Relationship: Deal With Issues, Not The Person
By Aidy Thomas
As long as there are different people coming together in relationships, there will always be issues. This might not necessarily be as a result of wickedness or stupidity of both or either party but a clear signal of human idiosyncrasy. People are as different from each other as their faces may be and even when they look incredibly alike or better still born as twin: their personalities drift as much as night and day.
Expecting to have a relationship where you think, act and react alike is nothing but a mirage. If there is a possibility of same character display, you may fall unto real boredom —you do not need to be the same to be happy.
Gone are the days where wrong counsel was given to innocent singles looking forward to getting married. “You have to marry someone you are compatible with”. Their idea of compatibility sounded like ‘If you love basket ball; marry someone with the same interest’ ‘Your spouse should be excited to go to pictures with you since you are given to cinema’ If he doesn’t eat what you eat; how then will you enjoy meals together? ‘Staying at home makes you happy so why would you dream of living with a social bloke?
Sincerely speaking, all of these sounded good and genuine but left a lot of people single for ever because some were not lucky enough to find matches of their personalities. Well there is a bit of sense that if you both have same interest; it’s a lot easier to pull along but on the other side, where is the excitement of exploring life if all you continue doing after marriage is what you have been doing since you were born.

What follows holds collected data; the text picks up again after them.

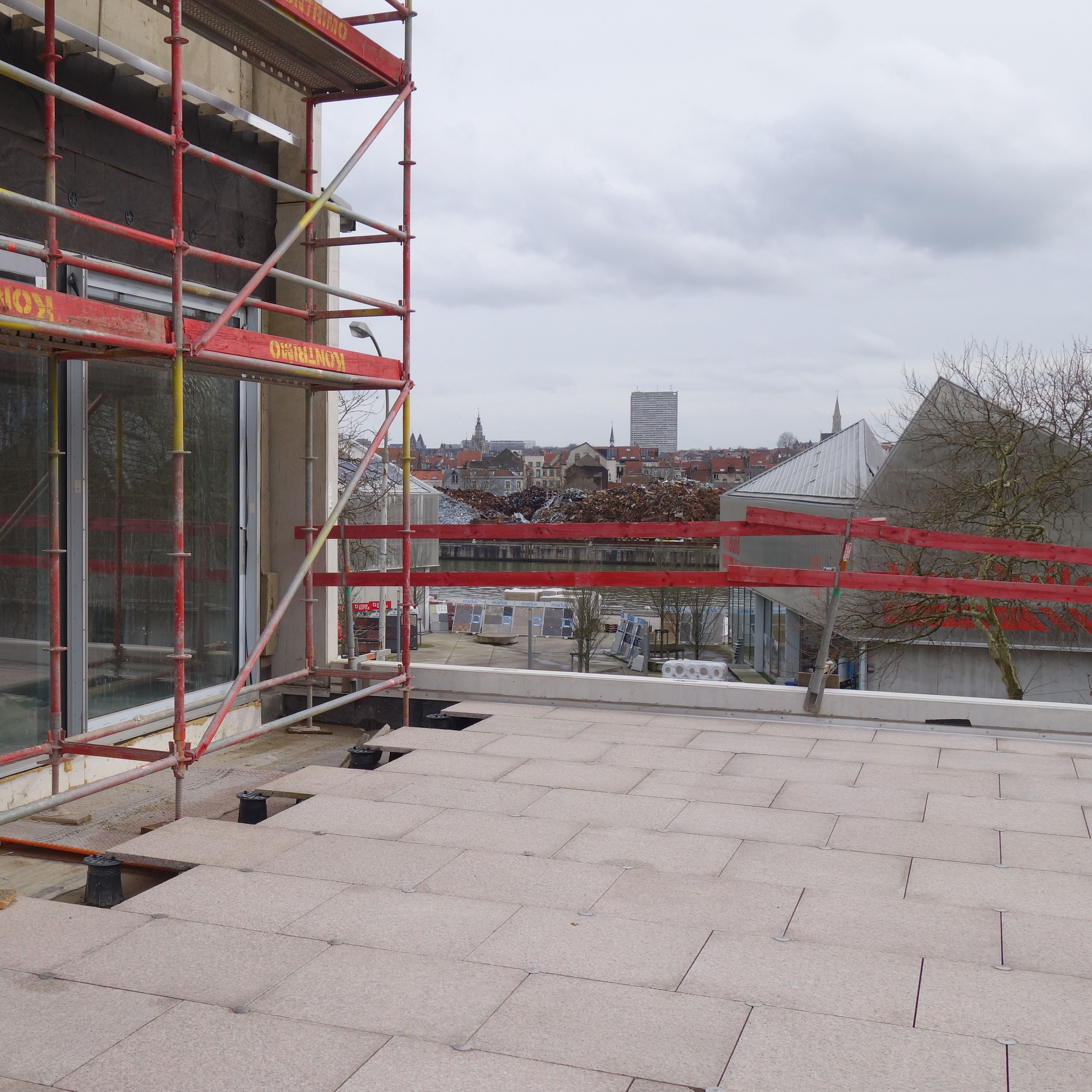 Here’s something we’re particularly proud of! Last weekend saw the opening of the new Magasin 4 concert hall on the Havenlaan in Brussels – a much-awaited moment for the Brussels rock scene. Speaking of rock, we provided over 200 m² of reclaimed flamed granite slabs for the rooftop terrace! These were originally used to clad the façade of an office building from the 1980s. The flamed finish is perfect for outdoor flooring as it is non-slip.
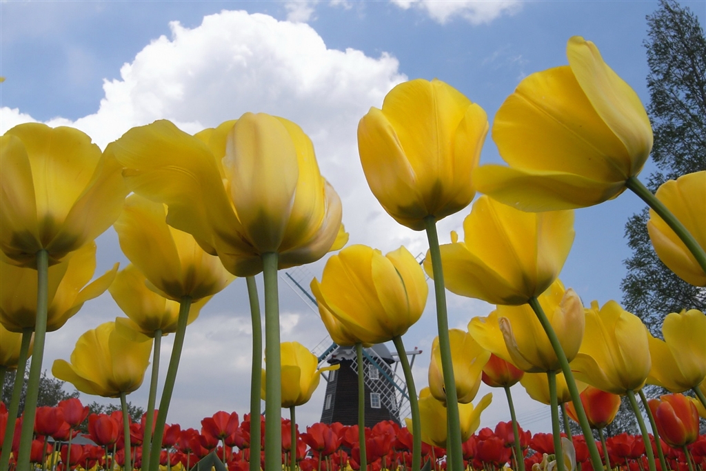 あけぼの山農業公園 風車とチューリップ
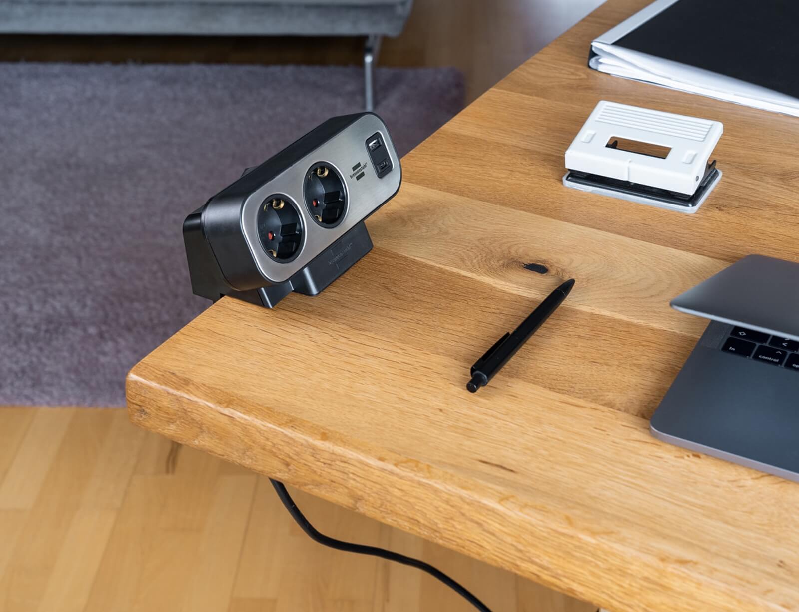 - Η μονάδα επιφάνειας εργασίας διαθέτει 2 υποδοχές πρίζας + 1 USB C 30W max και 1 USB Α 18W max
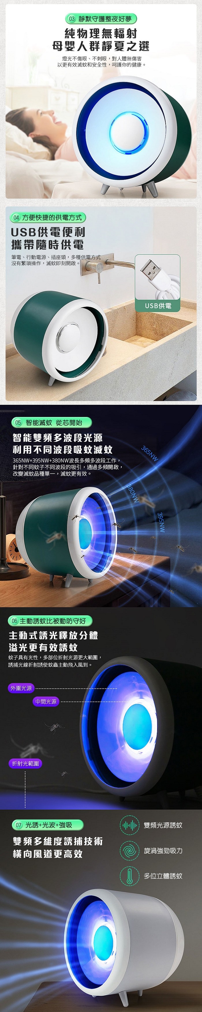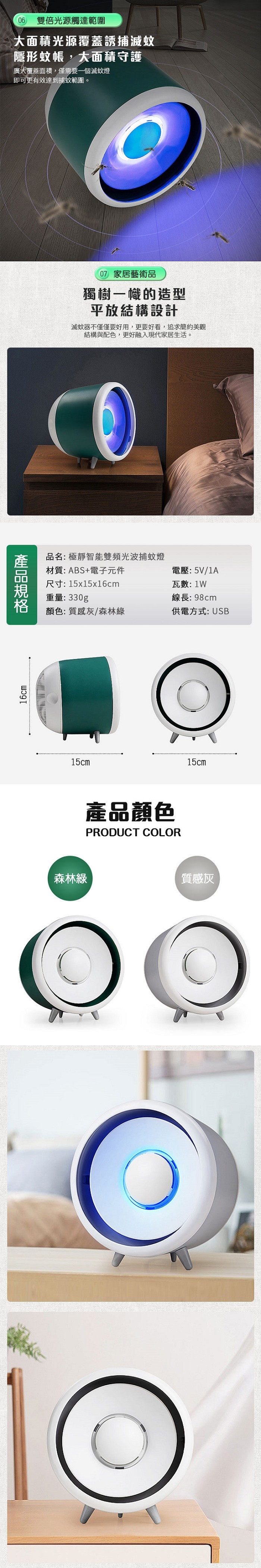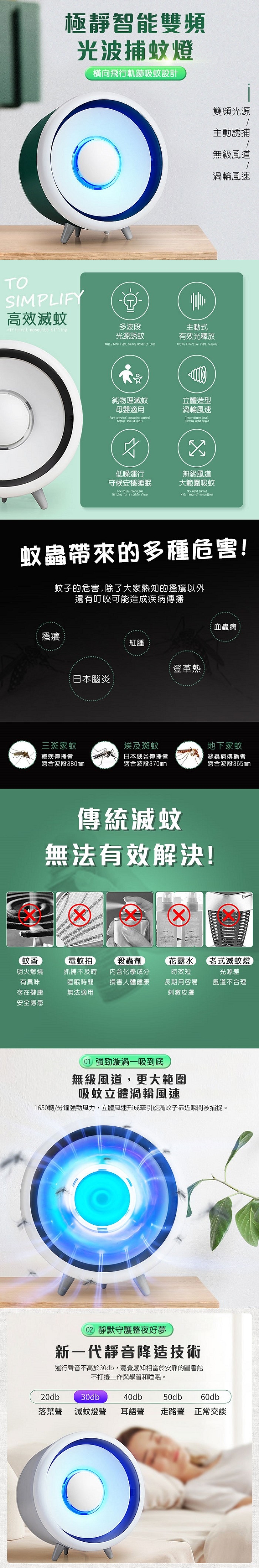 品名:0輻射極靜智能雙頻光波捕蚊燈
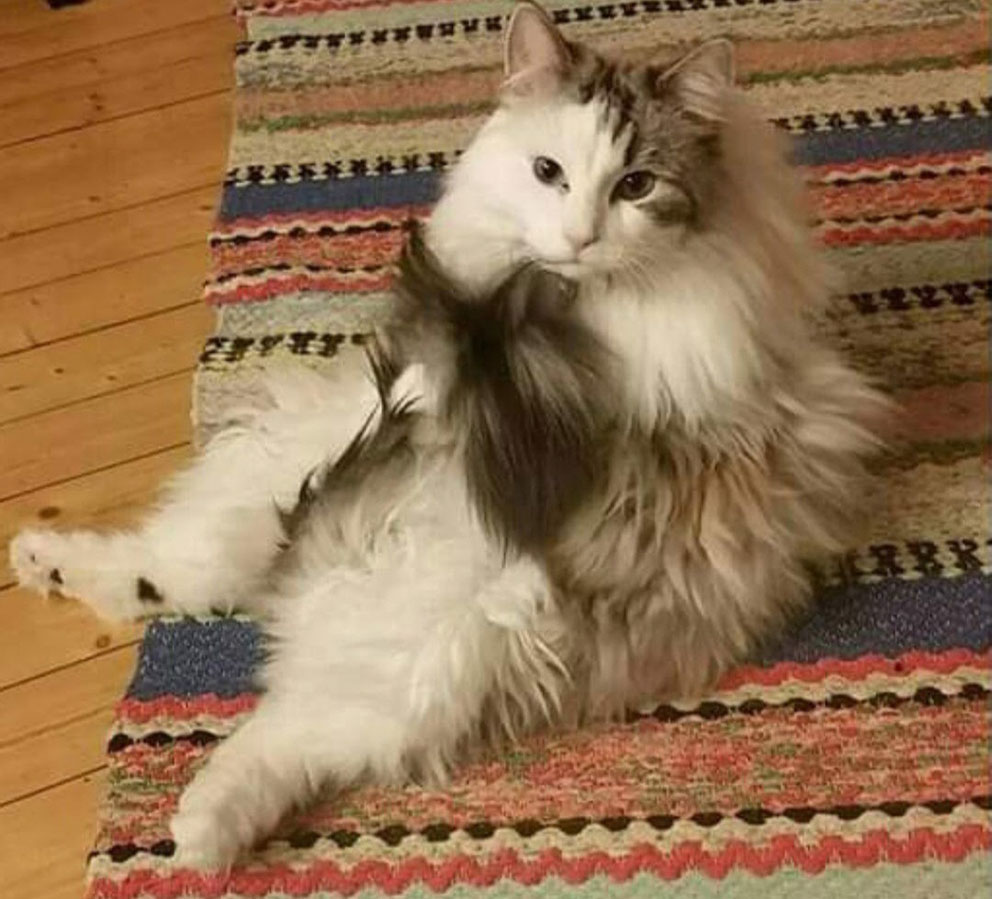 Bilden är på vår knaskatt Qryzolit som är lika gammal som mig. Han är verkligen noga med att hans vackra svans blir ren." // Lukas 11 år
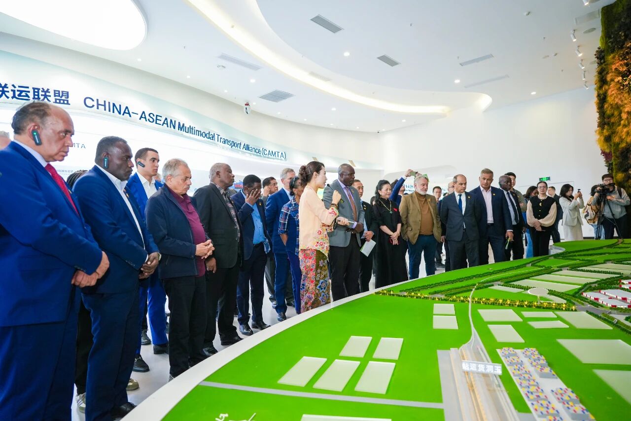 在中新物流園展示中心,駐華使節(jié)代表團通過圖文講解、動態(tài)演示等形式,了解項目的發(fā)展情況,進(jìn)一步對西部陸海新通道的戰(zhàn)略地位與廣西作為通道關(guān)鍵節(jié)點的核心作用有了更深的認(rèn)識。作為廣西參與“一帶一路”及推進(jìn)中國與新加坡互聯(lián)互通、西部陸海新通道建設(shè)的項目之一,中新物流園自啟動建設(shè)以來,展現(xiàn)出蓬勃的發(fā)展活力。園區(qū)通過“以商招商”的模式,目前已引進(jìn)超30家世界500強和中國物流100強龍頭品牌企業(yè)合作入駐,產(chǎn)業(yè)集聚效應(yīng)持續(xù)增強,已形成有別于其他物流園區(qū)的產(chǎn)業(yè)發(fā)展模式。
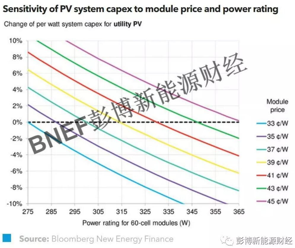 對(duì)于使用雙面組件的光伏項(xiàng)目,其系統(tǒng)規(guī)模應(yīng)該按照包含了背面發(fā)電能力的組件功率來定義。雙面組件更高的功率幫助降低結(jié)構(gòu)性BOS(Balance of System)、EPC(Engineering, Procurement and Construction),以及項(xiàng)目開發(fā)的單瓦成本。相較于采用傳統(tǒng)單面組件的光伏電站,使用P-PERC類型雙面組件可以在幫助系統(tǒng)單瓦成本下降4%的同時(shí),實(shí)現(xiàn)25%毛利的自身銷售。相應(yīng)的,雙面組件將會(huì)在組件制造商及項(xiàng)目開發(fā)商兩端都獲得青睞。

Relationship is meant to add something to your life and expose you to new grounds. This why it is said that marriage is not for babies; a mature mind is one ready to accommodate things without mourning about their comfort. I grew up with four brothers who love football to a fault but it was when I got married that I ever attempted watching a match from beginning to the end because my husband won’t give up many things for the game. Today, I can talk about which club is buying which player and for how much; which team plays entertaining game and which one just balloons, etc. Initially it was not so much fun to buy into another person’s thirst but with time, the bonding it delivers would make you ever ready to spend that special moment with him/her even when you can’t readily stand it on your own. Your focus moves from the activity to the fact that you are being there for a loved one.
These differences in thirst and likes could make relationship real hell for some people. Talking about differences in character, attitude and behaviour is a hard nut to crack. You can deny before people that you do rock it hard but the truth lies in your bosom because you can’t deceive yourself. You know exactly how difficult it is for you to agree on certain issues.
When little things are blown out of proportion by lovers, I always tell them there is a build up of emotional hurt in their relationship. If not, how do you explain that Frieda and John appear to be happily married but the day John’s younger sister came to spend a weekend with them, she unearthed what shocked her husband. The poor girl only asked if she could join them to go bowling and she went crazy with a riotous ‘NO’. Before her husband could ask what the matter was she went to recount how the entire family have at different times interrupted her privacy with the man she loved. Things that happened before they got married and those that followed afterwards all came to light.
This eventually landed at John’s court as a husband who cannot protect his wife. It was bad enough that she had accused his mother, sisters and brothers of being intruders in her love life and John was still battling to swallow that; now that the bullet has passed to him, how do you want him to react? Trying to calm Frieda down brought more criticisms and ultimately unhealthy comparison which John found very hard to handle and at the end of the day, the whole outing was ruined; anger ruled and insults took over.
Everyone has his/her weaknesses but pointing a torchlight at them every time there is a disagreement and making the other to feel incapable is nothing but personality attack. Learn to deal with the issues at hand and forget about what had passed. If he leaves his shoes in the living room; tell him you would love him to take it in to the proper place. There is no point reminding him he’s been doing that every time and that he has once left his vest as well. If her cooking failed your ‘tongue test’ at dinner; do you need to say that it tasted just like her mother’s dish you detested? If he had no money to buy gifts for Christmas because business was dull, you don’t need to be pointing at every new dress someone dangles before you or tell him what someone else bought for his wife for Christmas —you are crushing his ego. Your wife missing her colour match on your dinner date does not mean she should be compared with your secretary who has no other job than to search magazines for latest styles and shapes. If you need the clothes to be changed, say so politely without making her feel out of queue.
Dealing with your differences without destroying the ego of the your spouse is something you’ll learn over time as you allow unselfish love to guide your actions —see yourself always in the position of helping each other become the best. If you are secretly competing to measure up who is smarter, richer, finer, more intelligent; the battle will definitely have no end. Trying to subdue or outdo your lover is an unwise thing no one should be thinking of doing.
The truth is that sometimes it is extremely difficult to let certain hurt go easily. It might not be that you enjoy rehearsing them or would want to keep malice with the one you love but you’ve been so terribly hurt that each time the memory comes up, you feel the same anger and resentment you did the day it happened. Does this sound familiar? You need to give yourself time to heal and one of the ways you can heal fast is to concentrate on his/her good side and consider what happened as a mistake and distraction.